Relatos africanos (43 page)

Pese a nuestra cómica predicción de que Tom se vería obligado a contarle a su jefe lo que nos había contado, y pese a su rígida aseveración de que tal supuesto era imposible, se vio obligado a hacerlo. Luego nos informó de que su jefe se había «cabreado con él».

Pero el asunto no terminó ahí. Le ofrecieron enseñarle a censurar el correo. Contestó a su jefe que el honor le obligaba a contárnoslo y el jefe dijo:

–Por el amor de Dios. Dígales lo que le dé la gana. No será usted quien escoja lo que debe censurarse.

Ya he dicho que en esa época no era una ciudad muy sofisticada y aquella situación en la que «todo el mundo conoce a todo el mundo» provocaba sin remedio esa clase de situaciones humanas tan cálidas.

Aceptó la oferta por la siguiente razón: «Mi madre siempre me decía que quería que me fuera bien, y si acepto la propuesta de convertirme en censor pasaré al Grado Tres, lo cual representa un aumento anual de 50 libras».

Lo felicitamos e insistimos en que nos mantuviera informados acerca de cómo se preparaba a los censores, propuesta que aceptó. Poco después terminó la guerra y toda la camaradería de entonces desapareció en cuanto empezó la Guerra Fría. El fermento de la actividad de izquierdas también se acabó.

No volvimos a ver a Tom, pero supimos de sus progresos, lentos pero seguros, en el Servicio Civil. Lo último que supe fue que dirigía un departamento entre cuyas actividades se incluía la censura. Me lo imagino, un hombre de unos cincuenta años, casado y sin duda padre, pensando en el baúl de los recuerdos, en los tiempos en que perteneció a una peligrosa organización revolucionaria. «Sí –dirá a menudo–, no hay nada de ellos que no sepa. Son idealistas, eso lo puedo garantizar, pero son muy peligrosos. ¡Peligrosos y equivocados! ¡Los dejé en cuanto supe qué representaban de verdad!»

Sin embargo, de nuestros tres espías de Correos, Harry fue el que tuvo, al menos durante un tiempo, una carrera más compensatoria para los humanistas idealistas.

Era un escolar silencioso y desesperadamente tímido que vino a una reunión pública y se enamoró perdidamente durante una semana, más o menos, de la oradora, una muchacha que hablaba en público por primera vez y tan tímida como él. Su padre había muerto y su madre, como dirían los psiquiatras y las trabajadoras de Bienestar Social, era «inadecuada». O sea: no se le daba bien lo de ser viuda y tenía la salud frágil. Sus escasas energías se concentraban en ganar el dinero suficiente para mantener a sus dos hijos. Regañaba a Harry por su falta de ambición, por no preparar los exámenes que habían de permitirle el ascenso en el escalafón de Correos... y por perder el tiempo con los rojos. Durante tres años, dedicó todo su tiempo libre a la organización de la izquierda: preparaba exhibiciones, alquilaba salas y salones, decoraba bailes para obtener fondos, conseguía publicidad para nuestra revista socialista (dos mil ejemplares), la diseñaba y la vendía. Discutía cuestiones de principios con los consejeros del ayuntamiento: «No es justo negarnos el uso de la sala, estamos en un país democrático, ¿no?». Y pasaba al menos tres noches por semana discutiendo las cosas del mundo en habitaciones llenas de humo.

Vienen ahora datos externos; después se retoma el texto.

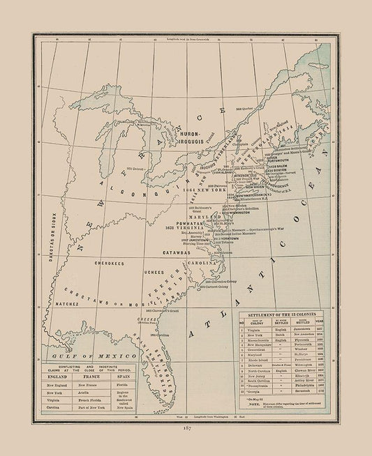 Colonial Indian Nations - Cram 1892 White Modern Wood Framed Art Print with Double Matting by Cram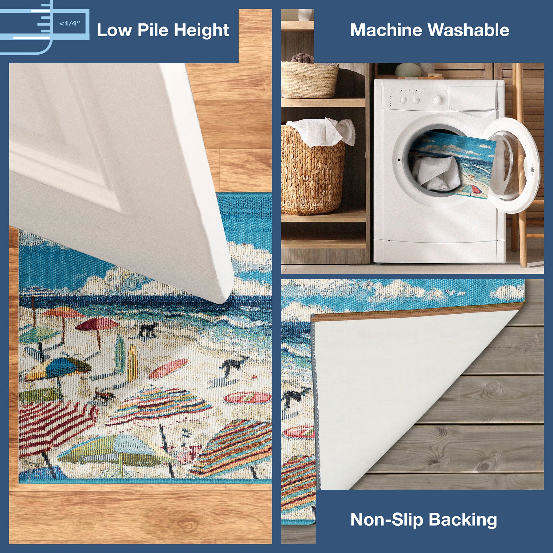 The Dog Beach transitional contemporary coastal novelty mat features a whimsical beach scene with multicolor green, blue, red, orange, yellow striped and color block umbrellas with black dogs on a sandy beach near a blue and navy ocean.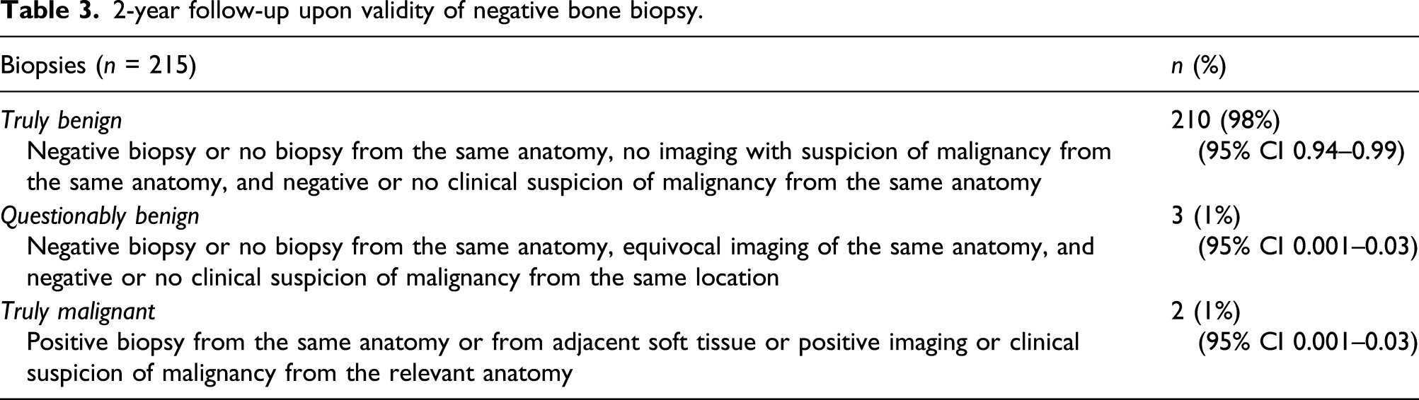A 2-year follow-up for each of the 207 patients representing 215 non-malignant bone biopsies was conducted by two independent readers who reached consensus. The follow-up included a careful computer search on each patient identified by the unique Danish social security number in the pathology database for any additional biopsy, in the imaging system (EasyViz, Karos Health Inc., Waterloo, ON, Canada) for any imaging of the relevant structure, and finally, in the Electronical Patient Journal charts (EPJ - Clinical Suite, CSC Scandihealth A/S) for any relevant journal notes in order to categorize the original biopsy as truly benign, malignant, or equivocal.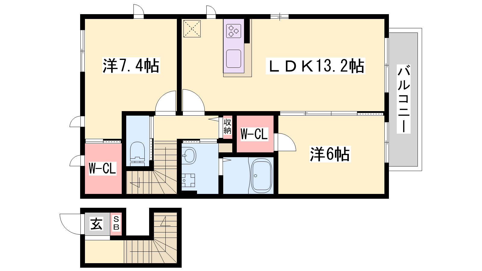 - LDK13.2帖、洋室7.4帖、洋室6帖

En aquella época hubiéramos considerado irredimible a cualquiera que lo sugiriese, pero ahora me atrevería a decir que la principal función de aquellas reuniones era de orden social. Rodhesia del sur nunca fue exactamente un país hospitalario con quien tuviera algún interés ajeno al deporte y las copas, y la cincuentena de personas que acudían a las reuniones eran –ya pertenecieran a las fuerzas armadas, ya fueran refugiados europeos, o incluso nativos– almas necesitadas de buena compañía. Las reuniones eran amistosas y a veces duraban hasta el amanecer.

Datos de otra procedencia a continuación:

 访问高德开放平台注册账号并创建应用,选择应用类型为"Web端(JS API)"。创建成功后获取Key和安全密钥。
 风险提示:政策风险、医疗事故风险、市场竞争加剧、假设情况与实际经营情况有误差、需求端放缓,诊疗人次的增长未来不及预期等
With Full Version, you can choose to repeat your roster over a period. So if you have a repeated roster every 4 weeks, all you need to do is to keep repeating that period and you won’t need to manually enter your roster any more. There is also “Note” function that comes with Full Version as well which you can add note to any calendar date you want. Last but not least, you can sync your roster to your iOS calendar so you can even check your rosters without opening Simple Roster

Una chica a la que nunca habíamos visto acudió a una reunión. Vio a Harry, un joven guapo, seguro de sí mismo, locuaz, enérgico y eficaz. Todos nos fiábamos de él.

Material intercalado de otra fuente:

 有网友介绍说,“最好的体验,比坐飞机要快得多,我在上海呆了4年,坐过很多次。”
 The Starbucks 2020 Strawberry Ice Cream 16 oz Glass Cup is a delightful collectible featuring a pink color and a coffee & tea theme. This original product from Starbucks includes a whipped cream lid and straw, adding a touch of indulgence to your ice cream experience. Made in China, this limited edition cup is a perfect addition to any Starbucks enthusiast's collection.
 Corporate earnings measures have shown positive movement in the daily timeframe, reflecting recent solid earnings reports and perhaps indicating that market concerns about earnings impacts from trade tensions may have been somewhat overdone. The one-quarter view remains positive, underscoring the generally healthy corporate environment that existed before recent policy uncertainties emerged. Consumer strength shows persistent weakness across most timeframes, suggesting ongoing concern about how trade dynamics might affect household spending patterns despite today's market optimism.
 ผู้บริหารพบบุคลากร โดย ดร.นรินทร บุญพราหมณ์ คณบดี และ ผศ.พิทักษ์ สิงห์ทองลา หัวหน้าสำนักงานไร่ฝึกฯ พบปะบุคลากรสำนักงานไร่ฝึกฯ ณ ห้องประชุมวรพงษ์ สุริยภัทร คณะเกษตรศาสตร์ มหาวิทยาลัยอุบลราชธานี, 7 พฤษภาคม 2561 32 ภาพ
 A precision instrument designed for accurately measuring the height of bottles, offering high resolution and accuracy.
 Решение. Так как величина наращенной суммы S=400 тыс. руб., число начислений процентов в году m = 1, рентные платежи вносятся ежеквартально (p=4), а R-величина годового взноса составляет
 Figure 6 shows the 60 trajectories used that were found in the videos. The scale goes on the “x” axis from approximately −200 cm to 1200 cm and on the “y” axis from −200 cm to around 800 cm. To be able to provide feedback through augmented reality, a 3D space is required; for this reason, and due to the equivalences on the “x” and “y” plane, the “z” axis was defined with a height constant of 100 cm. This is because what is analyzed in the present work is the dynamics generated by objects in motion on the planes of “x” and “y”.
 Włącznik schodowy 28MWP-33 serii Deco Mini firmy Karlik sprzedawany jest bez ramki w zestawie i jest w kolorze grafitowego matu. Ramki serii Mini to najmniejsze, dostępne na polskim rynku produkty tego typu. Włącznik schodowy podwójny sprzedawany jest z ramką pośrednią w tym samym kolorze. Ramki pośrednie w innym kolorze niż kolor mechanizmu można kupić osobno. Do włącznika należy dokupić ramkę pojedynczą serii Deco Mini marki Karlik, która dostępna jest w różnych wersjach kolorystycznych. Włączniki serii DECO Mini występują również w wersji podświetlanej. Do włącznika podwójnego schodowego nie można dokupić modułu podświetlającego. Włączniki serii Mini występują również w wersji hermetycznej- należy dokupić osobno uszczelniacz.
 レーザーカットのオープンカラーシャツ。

Se enamoró, se lo llevó a su casa y su padre, reconociéndolo como un organizador nato, lo nombró director de su ferretería.

Eso nos lleva al tercer hombre, Dick. Bueno, hay cierta gente a la que no se debería permitir la asistencia a reuniones, debates, o situaciones similares para el fermento del intelecto. Vino a dos reuniones. Lo trajo Harry y lo describió como «entusiasta». El entusiasta era él. Dick se sentó en el suelo, sobre un cojín. Eran modos muy bohemios para un joven de buena educación. Arrugaba la frente como un cachorro mientras intentaba seguir aquellos pensamientos tan complejos, tan poco rodhesianos. Era, como Tom, un limpio y bien dispuesto joven. Quizás la Oficina de Correos, al menos en Rodhesia, sea una institución que atrae a la gente de orden. Recuerdo que me hacía pensar en uno de esos caramelos sencillos, simple azúcar con aromas químicos. O también parecía un bulldog, con su ferocidad acicalada en estado latente, sus ojillos saltones y su gruñidito. Le gustaba, como a Tom, la información concreta: «¿Debo deducir, entonces, que creéis que se puede cambiar la naturaleza humana?».

En la segunda reunión a que asistía se sentó y escuchó como en la primera. Al final preguntó si creíamos que el socialismo era bueno para un país que debía resolver la carga del asunto de los blancos.

No vino a ninguna reunión más. Harry dijo que nos había encontrado sediciosos y antirodhesianos. Falsos, también. Le dijimos a Harry que fuera a preguntarle por qué nos encontraba falsos y volviera para contárnoslo. Resultó que Dick quería saber por qué el Club de la Izquierda, ya que tenía tan mala opinión de la dirección del país, no asumía el gobierno. De todos modos, pronto nos olvidamos de Dick, sobre todo porque Harry, en el cenit de su eficacia y utilidad general, ya derivaba con su futura esposa hacia la dirección de ferreterías. En esa época perdimos a Tom.

De pronto nos enteramos de que el Partido para la Democracia y la Libertad estaba a punto de celebrar una reunión de masas preliminar. Delegaron a uno de nosotros para que asistiera y descubriera qué estaba pasando. Me tocó a mí.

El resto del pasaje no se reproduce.